Wednesday, July 10, 2013

Training Strategies For A Marathon: GCAM 2013 (Part 2)

2) Very Light
I am not a proponent of weight-loss for sporting performance. I have an ecto-mesomorphic build, and a high metabolism to support it. Endurance sports merely stoke my basal calorie-consumption (rest) and active calorie expenditure. I have to eat a huge amount of carbohydrates (simple and complex) to maintain my race-weight of 77kg. In recent months, due to my preparation for Kona I have a training week comprising 12-18 hours. As these are mainly aerobic sessions, spread over three disciplines (swim, ride, and run), my bodyweight and bodyfat has fallen appreciably. I have a smaller waistline and defined abdominal muscles. Although this may be aesthetically pleasing, a impending danger for me is being too ‘skinny’.

I found out in 2009 at the Ironman 70.3 World Championships in Clearwater, Florida, that when I lost 2.5kg (and had 7.7 percent bodyfat) my cycling power plunged. I had my worst performance compared to the championships on 2008, where I earned my PB. I am cautious about losing too much weight, for I will need both muscular strength and power (and therefore, muscular mass) to ride better in the cruel Kona headwinds and side-winds.


Let your body decide. If you feel fatigued, and your recovery is slow – enhance your nutrient (and caloric) intake. Fuel your body before, during and after the race.

Nutrition-wise, I used the following nutritional assistance:

a)    Deep-sea fish oils (Omega-3 fatty acids): 2-3 capsules (1,500mg each) daily. Load up on this as it is an alternative to glucosamine, and it helps lubricate our joints and strengthen our cells.
b)    Virgin coconut oil: The secret weapon of CrossFit/WOD athletes. I take 2-4 teaspoons daily. One of the man effects of coconut oil is that it stokes your metabolism, and is a valuable source of essential fats (even though it is saturated – thus, it is very stable even when cooked). I drizzle it over my salad or chase it with a whey-protein drink or mix it in my coffee (Super-Coffee). Thanks Karolina for this valuable serving tip!
c)    Organic, tart cherry juice (half-mug) for significant reduction of muscle soreness.
d)    Pomegranate (organic) juice: For added antioxidants (one of the highest fruit sources) to neutralize the aging effects of endurance sports.
e)    Whey protein. Next best source next to a steak (beef). I use Muscle Milk (from Cyberhealth Pte Ltd), once or twice a day. I either supplement my breakfast, or use it before sleep to stimulate Growth Hormone (GH) release.
f)      My overall fat intake has increased. I take more butter and olive oil, but avoid margarine and related products.
g)    I spend more time in the sun to enhance my vitamin D production, and ward off depression. Cholesterol is a precursor to vitamin D, so my higher cholesterol intake is justified.

Let us be serious about nutrition.

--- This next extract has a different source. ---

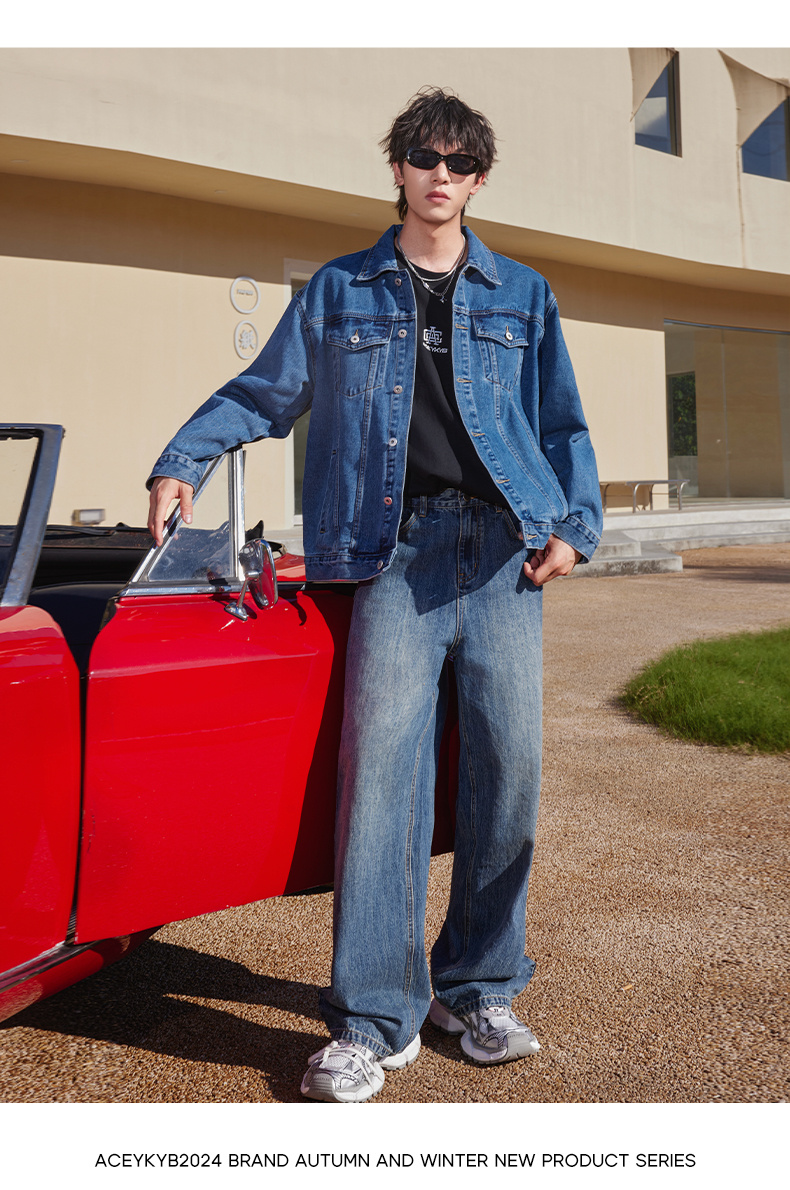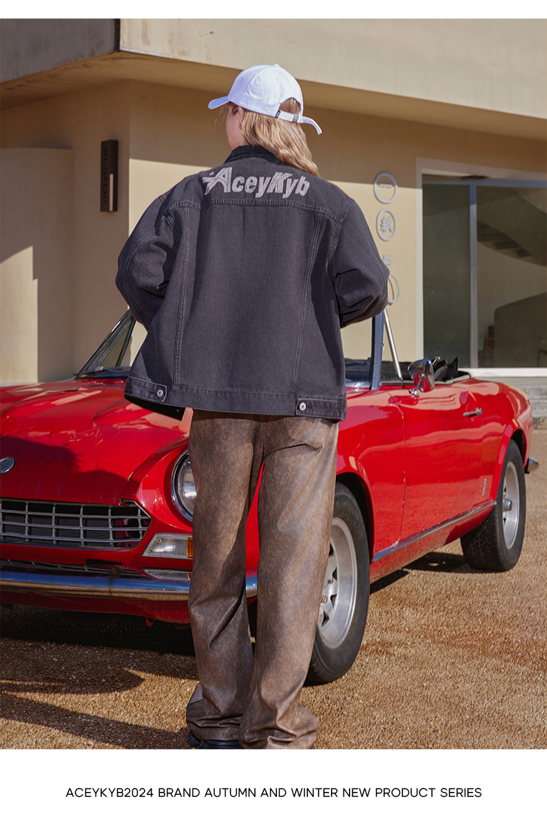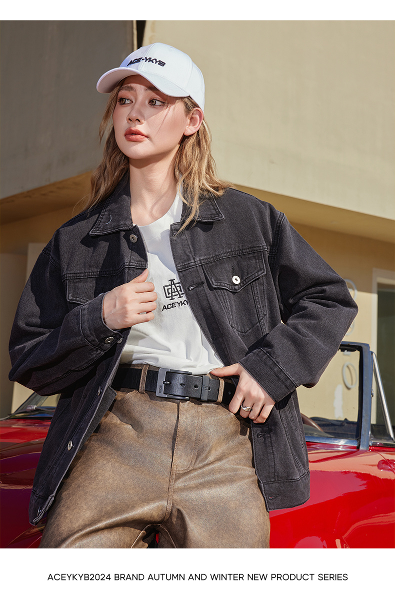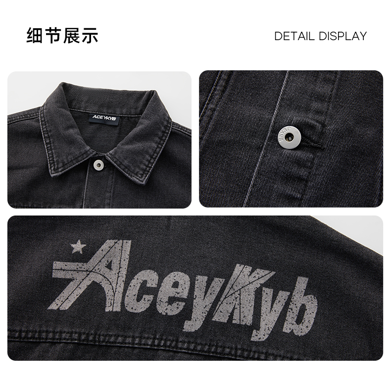 ACEYKYB黄子韬夹克秋季新款复古高街潮流休闲外套纯色宽松百搭牛仔衣

Endurance sports is damaging to our body on many levels. It ages us. It depletes key nutrients, which is hard to track until symptoms reveal themselves. Consider it this way, when you feel sore after each run session your body is undergoing major changes and it requires repair and replenishment.

3)    Very Strong Core

I supplement my triathlon training with short, strength sessions. I apply the principles of CrossFit training focused on a circuit of 5-6 exercises done with my bodyweight and external weights (Kettle-bell). I ensure that I work the major muscle groups (especially the opposing muscles). Muscles work in pairs: agonists versus antagonists – push and pull.

My core workout may look like this:

Balance-Disc (10 minutes)
Push-Up (15-20 reps) followed with one-arm, kettle-bell Rowing (12-15)
Shoulder-Press (kettle-bell) followed by Upright Rows (12-15 reps each)
Parallel Squats (15-20 reps)
Plank (60 seconds)

I don’t normally stretch, however I do ensure a proper warm-up.


I use the Balance-Disc to build my proprioceptive balance. I believed that balancing activates deeper, underlying muscles required for running. Balancing on the disc challenges your lateral muscles (sides), your lesser used muscles of your legs (adductors and abductors) which are needed for dodging runners in the early stages of the race. To challenge your core further, you can add light weights, or close your eyes.


If you must stretch, do it after an aerobic/anaerobic session. Muscles are more pliable after your core body temperature has risen.

Although brief and simplified, I hope that this piece has been useful. Write me if you have questions. May you achieve your running PB soon!